Eine Haftung für die Eignung der Produkte und Software übernimmt made for science nicht. Beratungsleistungen können nur so gut sein, wie die Angaben des Kunden dies erlauben. Insoweit haftet made for science nur im Falle von Vorsatz oder grober Fahrlässigkeit hinsichtlich offensichtlicher Fehler; verbindliche Beratungsleistungen sind allerdings nur dann geschuldet, wenn ausdrücklich schriftlich vorab eine Beratung vereinbart wird.
Eine Änderung der Beweislast zum Nachteil des Kunden ist mit den vorstehenden Regelungen nicht verbunden.

§ 11 STORNIERUNG VON TRAINING / VERANSTALTUNGEN

Trainings und kostenpflichtig von made for science ausgerichtete Veranstaltungen können ohne die Erhebung von Gebühren bis vier Wochen vor Veranstaltungsbeginn storniert werden. Bei einer Stornierung zwischen vier und zwei Wochen vor Trainings-/Veranstaltungsbeginn wird 30 % der Teilnahmegebühr / des Angebotspreises, bei kurzfristigeren Abmeldungen wird die volle Teilnahmegebühr / der volle Angebotspreis berechnet.
Im Falle einer Absage der Trainings-/Veranstaltung von Seiten made for science wegen Krankheit des Trainers, höherer Gewalt oder sonstiger unvorhersehbarer Ereignisse besteht kein Anspruch auf Durchführung der Trainings- / Veranstaltung.
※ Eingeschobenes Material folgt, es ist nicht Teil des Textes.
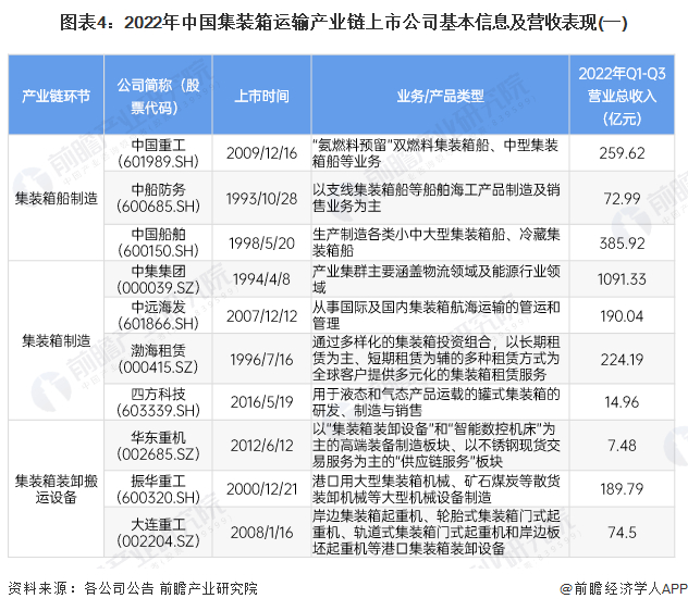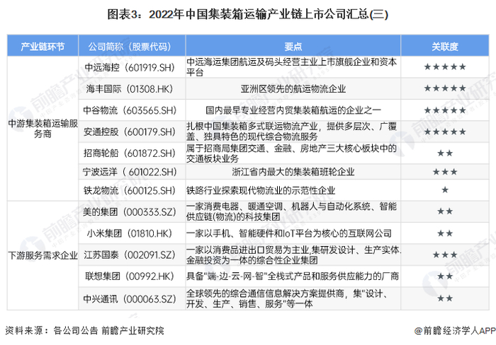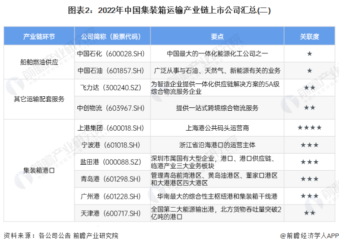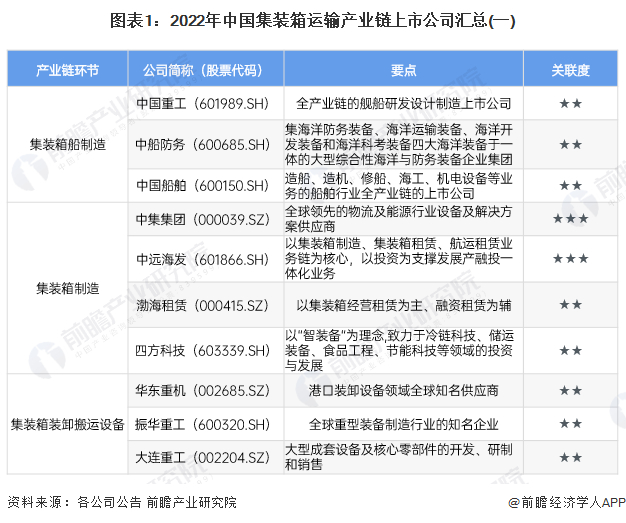 1、集装箱运输产业链上市公司汇总

Ebenso erfolgt bei Kursausfall oder Terminverschiebung keine Übernahme von Reise- und Übernachtungskosten sowie von durch Arbeitsausfall entstehenden Auslagen.

§ 12 SCHLUSSBESTIMMUNGEN

Sollten einzelne Bestimmungen dieses Vertrages unwirksam sein oder werden oder sollte der Vertrag eine Lücke enthalten, so berührt dies nicht die Gültigkeit der übrigen Bestimmungen. Anstelle der unwirksamen Bestimmung oder zur Ausfüllung einer Lücke ist eine Regelung zu vereinbaren, die, soweit rechtlich zulässig, dem am nächsten kommt, was die Vertragsparteien gewollt haben.
Dieser Vertrag und die gesamten Rechtsbeziehungen der Parteien unterliegen dem Recht der Bundesrepublik Deutschland unter Ausschluss des UN-Kaufrechts (CISG).
Falls der Kunde im Sinne der gesetzlichen Bestimmungen Kaufmann ist oder seinen Sitz im Ausland hat, wird als ausschließlicher Gerichtsstand Frankfurt am Main vereinbart.